(ACTIVITY) Using the records below, write out only the lines from the line containing "Contoh story telling" up to and including the line containing "Länge ohne Bajonett", exactly, with no pictures.

(MATERIAL SUPPLIED)
┏━━
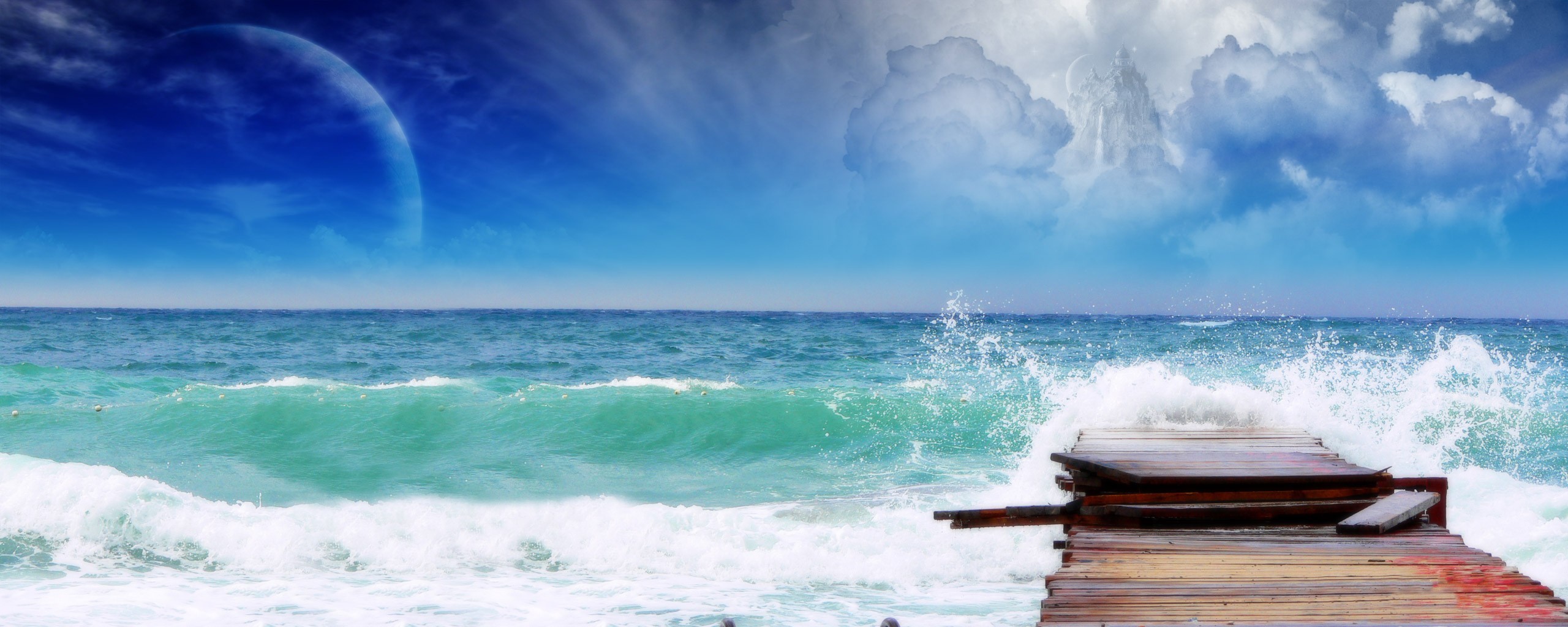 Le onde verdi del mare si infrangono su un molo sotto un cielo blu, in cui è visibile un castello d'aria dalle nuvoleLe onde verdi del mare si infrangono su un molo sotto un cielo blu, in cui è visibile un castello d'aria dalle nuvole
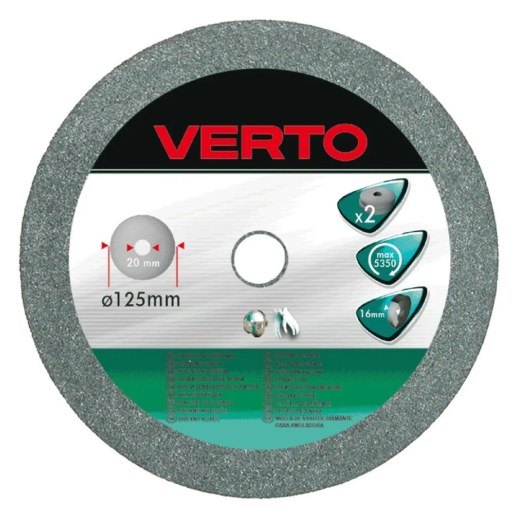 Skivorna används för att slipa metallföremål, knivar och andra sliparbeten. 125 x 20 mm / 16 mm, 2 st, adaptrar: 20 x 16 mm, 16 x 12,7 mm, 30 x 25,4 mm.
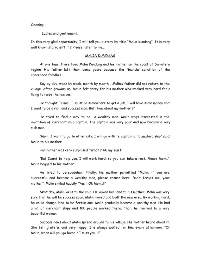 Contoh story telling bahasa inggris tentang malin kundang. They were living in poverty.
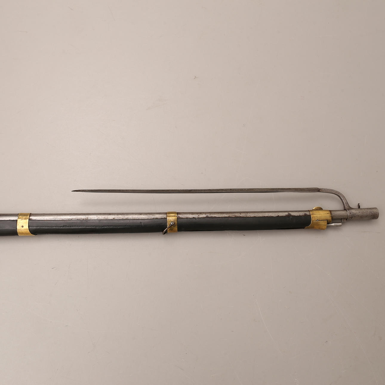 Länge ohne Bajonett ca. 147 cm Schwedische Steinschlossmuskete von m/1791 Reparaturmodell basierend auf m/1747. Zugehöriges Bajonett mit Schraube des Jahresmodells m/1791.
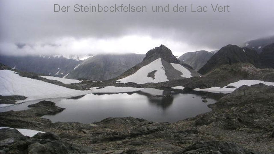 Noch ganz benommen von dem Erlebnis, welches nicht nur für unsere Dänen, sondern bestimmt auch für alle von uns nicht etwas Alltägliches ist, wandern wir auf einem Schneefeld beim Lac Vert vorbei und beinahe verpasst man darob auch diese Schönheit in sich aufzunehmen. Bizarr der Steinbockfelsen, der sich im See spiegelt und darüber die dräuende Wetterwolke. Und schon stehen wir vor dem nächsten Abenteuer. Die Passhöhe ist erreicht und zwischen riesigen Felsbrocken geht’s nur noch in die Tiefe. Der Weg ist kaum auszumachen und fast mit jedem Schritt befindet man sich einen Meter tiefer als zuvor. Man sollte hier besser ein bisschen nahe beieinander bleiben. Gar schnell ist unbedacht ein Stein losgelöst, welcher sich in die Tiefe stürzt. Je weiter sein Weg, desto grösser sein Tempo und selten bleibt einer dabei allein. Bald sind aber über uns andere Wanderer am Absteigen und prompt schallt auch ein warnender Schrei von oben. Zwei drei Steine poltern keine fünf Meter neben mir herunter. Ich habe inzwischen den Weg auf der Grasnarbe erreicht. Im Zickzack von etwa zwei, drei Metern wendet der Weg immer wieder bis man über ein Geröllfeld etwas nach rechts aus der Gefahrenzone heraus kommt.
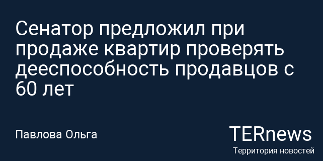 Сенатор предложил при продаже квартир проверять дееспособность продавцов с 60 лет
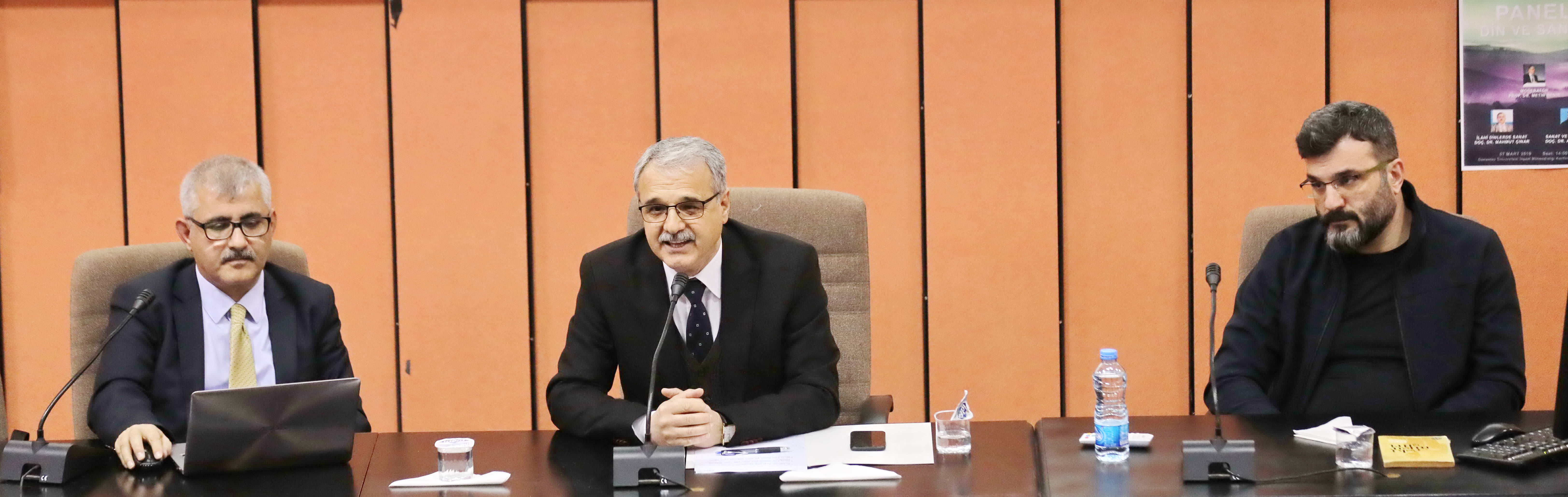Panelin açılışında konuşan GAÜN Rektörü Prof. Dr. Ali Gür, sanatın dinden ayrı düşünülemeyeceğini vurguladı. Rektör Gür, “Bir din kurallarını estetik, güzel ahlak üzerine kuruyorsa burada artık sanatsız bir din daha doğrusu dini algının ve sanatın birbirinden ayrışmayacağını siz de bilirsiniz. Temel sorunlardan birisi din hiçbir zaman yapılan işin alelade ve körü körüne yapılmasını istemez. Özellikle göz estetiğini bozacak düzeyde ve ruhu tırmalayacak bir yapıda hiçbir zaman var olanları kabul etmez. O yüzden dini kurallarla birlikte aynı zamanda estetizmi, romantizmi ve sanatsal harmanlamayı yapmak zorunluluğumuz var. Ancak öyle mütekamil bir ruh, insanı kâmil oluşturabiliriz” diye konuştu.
┗━━
(ANSWER TO THIS TASK)
 Contoh story telling bahasa inggris tentang malin kundang. They were living in poverty.
 Länge ohne Bajonett ca. 147 cm Schwedische Steinschlossmuskete von m/1791 Reparaturmodell basierend auf m/1747. Zugehöriges Bajonett mit Schraube des Jahresmodells m/1791.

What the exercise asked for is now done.